What can leaders learn from teachers? Could pedagogical theories be relevant for chief execs and managers? Are the mechanics of teaching in any way useful beyond corralling a group of 30-odd children?

As a 2014 Fellow on the Clore Social Leadership Programme, I researched whether key teaching and learning theories are or could be used by leaders in the social sector to support the development of their teams. It’s a personal quest masquerading as a professional one: I used to be a classroom teacher, now I am not, and it would be so neat/such a relief if I could objectively prove that the skills and theories I learned back then are applicable and helpful in the world I am now in.

After leaving teaching in 2007, I gained a Masters in Education, worked at a educational non-profit in San Francisco (826 Valencia), before founding youth charity Spark+Mettle in 2011. It runs a range of personal and professional development programmes for less privileged 18–24 year olds.

Along the way I’ve constantly stolen adapted teaching techniques and principles and used them in my work. These range from the planning approaches for a curriculum (short, medium and long-term “schemes of work”) adapted to the strategic needs of an organisation, to pedagogical theories that I have been able to apply to my approach to building teams and running programmes. I should add that I am an archetypal leftie (wear Birkenstocks, read The Guardian—I even live in Brighton), so my view of good teaching is a progressive, interactive one. I’m not into a draconian, didactic, sage-on-stage approach. This also informs my views on good leadership. Let’s just say I’m not in Donald Trump’s corner.

My hypothesis is this:

Successful social sector leaders are intuitive educators. They employ a range of techniques to nurture effective teams and bring out the best in individual employees, many of which can be related back to key progressive pedagogical theories.

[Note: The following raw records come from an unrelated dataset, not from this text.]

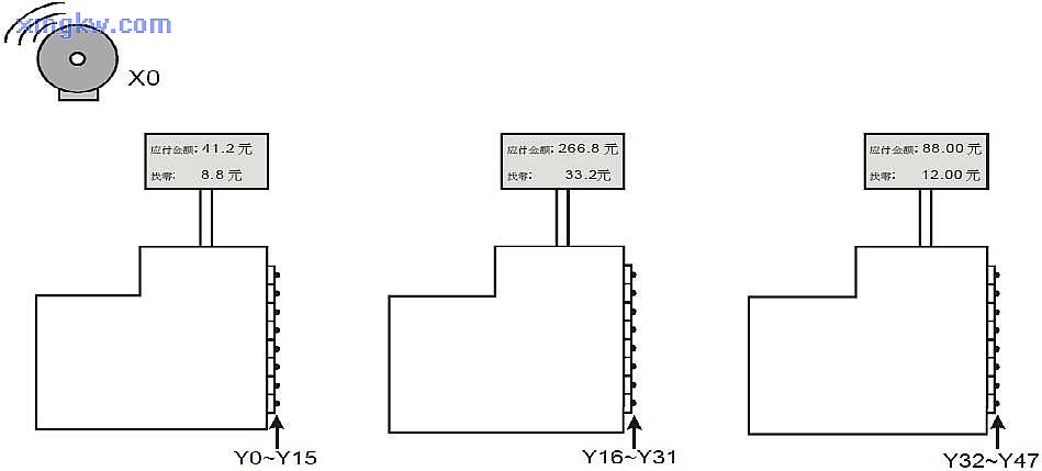 X0=OFF,F(xiàn)OR~NEXT循環(huán)執(zhí)行3次,H0被依次送到 R0~R2中,F(xiàn)OR~NEXT循環(huán)執(zhí)行完畢后,R0~R2的值被送到外部 Y輸出點(diǎn),所有 Y輸出被復(fù)位為 OFF,每個(gè)錢柜抽屜可以打開。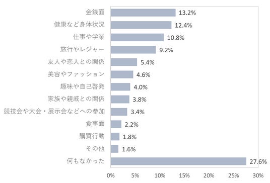 「充実していなかった」ことは「金銭面」および「健康など身体状況」となりました。今年1年間、あなたに起こった出来事でジャンルを問わず印象に残っていることを聞いたところ、「金銭面」については、無駄づかいや思わぬ出費が重なったといった声もみられました。一方、「健康など身体状況」では、病気になったり、健康診断で要検査と診断されたとの意見も挙がっていました。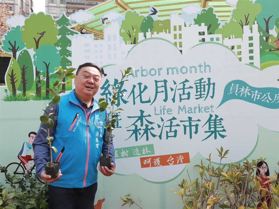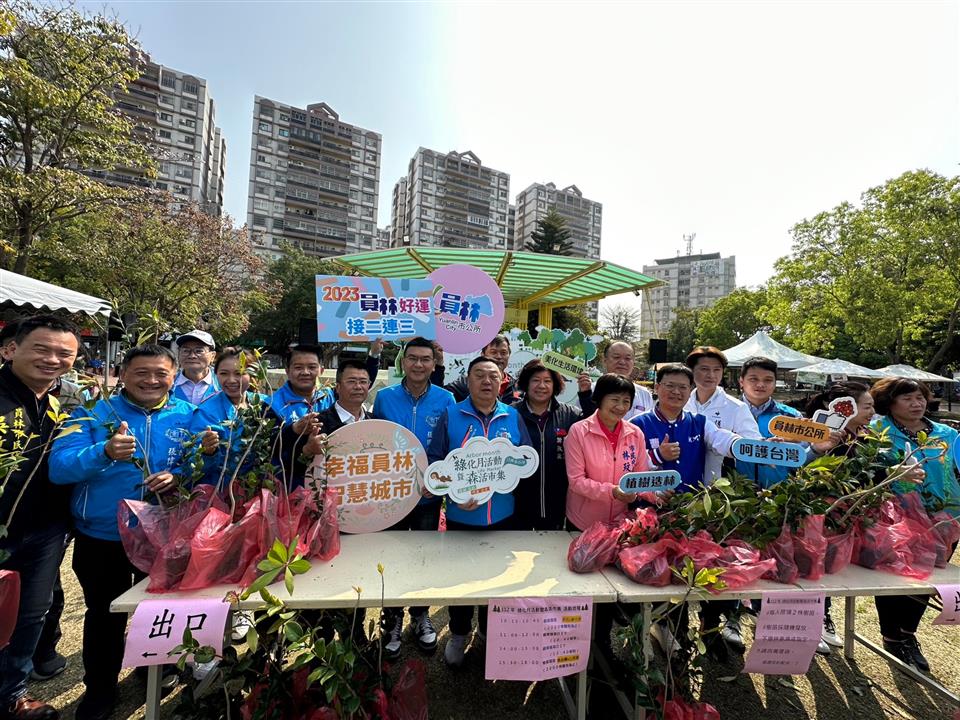 312植樹節即將到來,員林市公所為響應112年「植樹造林、呵護臺灣」植樹月活動,今 (4) 日上午10時至下午4時,在員林公園舉辦綠化月活動暨森活市集,提供茶花、春不老、山芙蓉、桃金孃共計4000株贈樹苗免費索取,員林市長游振雄、市民代表會主席張國良偕同代表一同將樹苗發送給民眾帶回家綠美化,淨化空氣也讓生活品質更好。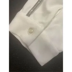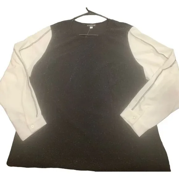 Ladies super cute black and white knit crew neck metallic shimmer sweatshirt with contrasting white sleeves. Excellent condition. Ladies size Large. Material is stretchy.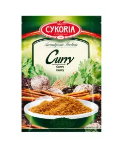 Dane produktowe Cykoria Aromatyczna Kuchnia Curry 25 g Curry jest jedną z najbardziej znanych na świecie, a zarazem najstarszych mieszanek przyprawowych. W skład przyprawy curry może wchodzić od kilku do kilkunastu ziół i przypraw, z których istotną rolę odgrywa kurkuma (sproszkowane...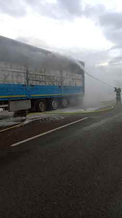 Eskişehir Bilecik karayolunda seyir halindeyken tekerinden başlayan alevlerin yayılması ile kısa sürede bir bölümü tutuşan tırda büyük hasar meydana gelirken, olay sırasında sürücü ve çevredekiler büyük panik yaşadı.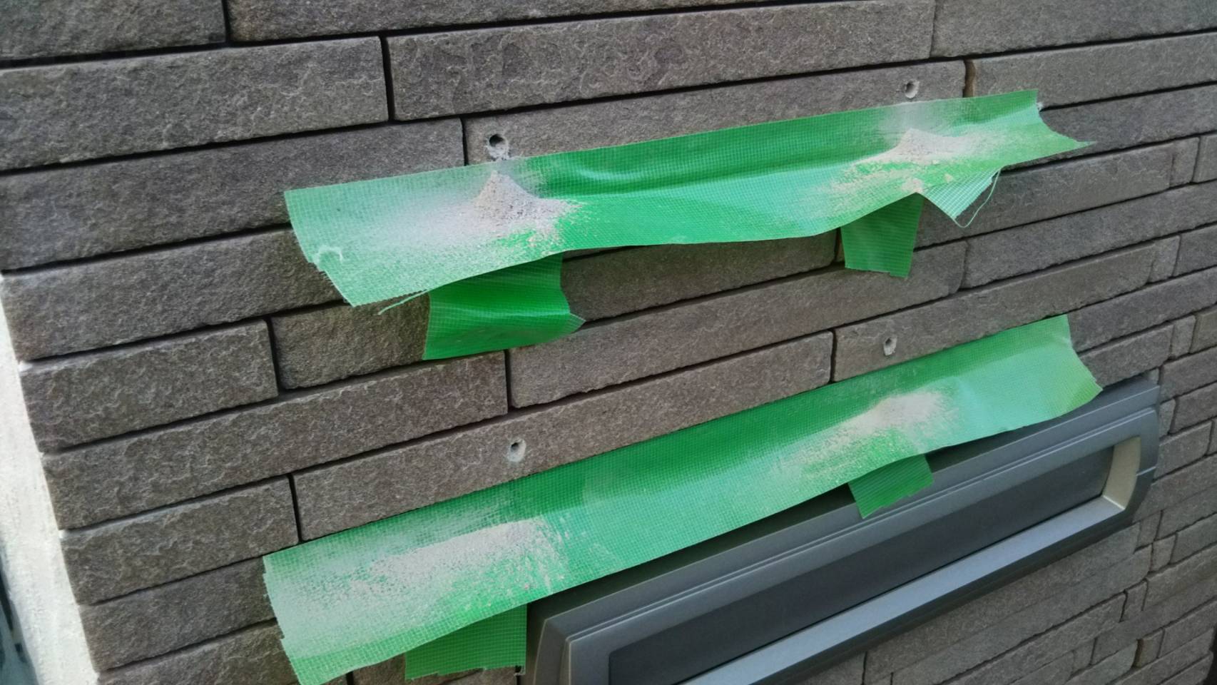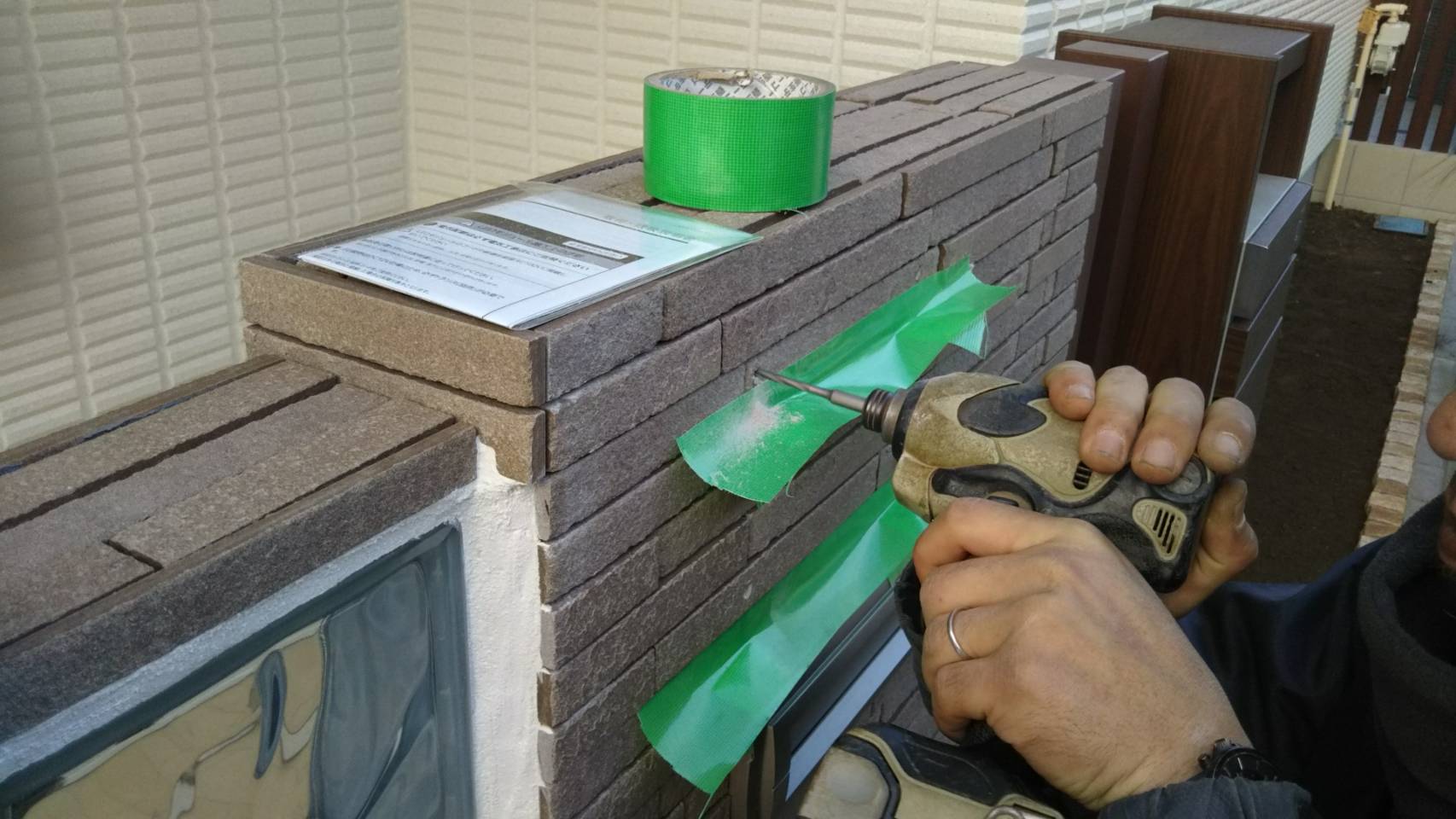 ビスの穴を空けるときに出てしまうタイルやブロックの粉。それがあちこちに飛ばないようにテープで養生。

I chose as examples three pedagogical theories that have been particularly influential on me first as a teacher and later as a leader. I wanted to see whether they hold any value for other leaders in the social sector, as well as exploring other approaches that might link to different teaching and learning theories. I am aware that leading people is just one of many aspects to leadership, but it is one that it is central to effective leadership and increased impact.

I interviewed ten social sector leaders to try to discover what overlap there might be between teaching and leading. I conducted the interviews between May and September 2015, and posted the write-ups here during October and November. I summarised my findings in bite-size chunks, and I worked with a designer to create some beautiful printable and interactive pages that offer some answers and ask some questions to a broad audience.

If you’d like to find out more about this work, please get in touch: @eugenieeeevteasley@gmail.com.

Check-ins

I interviewed ten social sector leaders to discover how they go about bringing out the best in the people who work with them, and whether it has any connection to how teachers bring out the best in their students. I’m breaking down my findings into bite-size bits.  Here’s a bit.


Not one of the (successful, inspiring) social sector leaders I interviewed had anything much in the way of formal training early in their career around how to lead and manage and support other people.

There are lots of suggestions out there in the world wide web on the sorts of questions to ask. 101 questions, 20 questions, three (magic) questions… Based on the conversations, here are my five-tips on setting up and running successful one-to-one meetings—tips that could be applied across all sorts of other meetings. And in fact, it’s good to remember that not all “meetings” are meetings, and if you’re going to have any sort of meeting, then it’s worth doing it well.

One-to-one check-ins:

  1. Set up a regular time slot and stick to it
  2. Track key points from one check-in to the next (three columns: last time, today, next time)
  3. Show that you care
    • ask 3 questions for every 1 statement you make
    • celebrate achievements
    • allow space to talk through difficulties
    • be honest
    • explore ways they can play to their strengths more
  4. Connect back to their drive and motivation
  5. Keep your door open so there’s space for them to talk with you outside of the regular sessions

Reflection

I interviewed ten social sector leaders to discover how they go about bringing out the best in the people who work with them, and whether it has any connection to how teachers bring out the best in their students. I’m breaking down my findings into bite-size bits.  Here’s a bit.


 

When people train to be teachers, they often have to fill in a reflective journal, with questions like these. When I was training to be a teacher, it was one of the most useful learning tools of all. To be forced have the chance to stop and think on what I’d been doing—it was invaluable.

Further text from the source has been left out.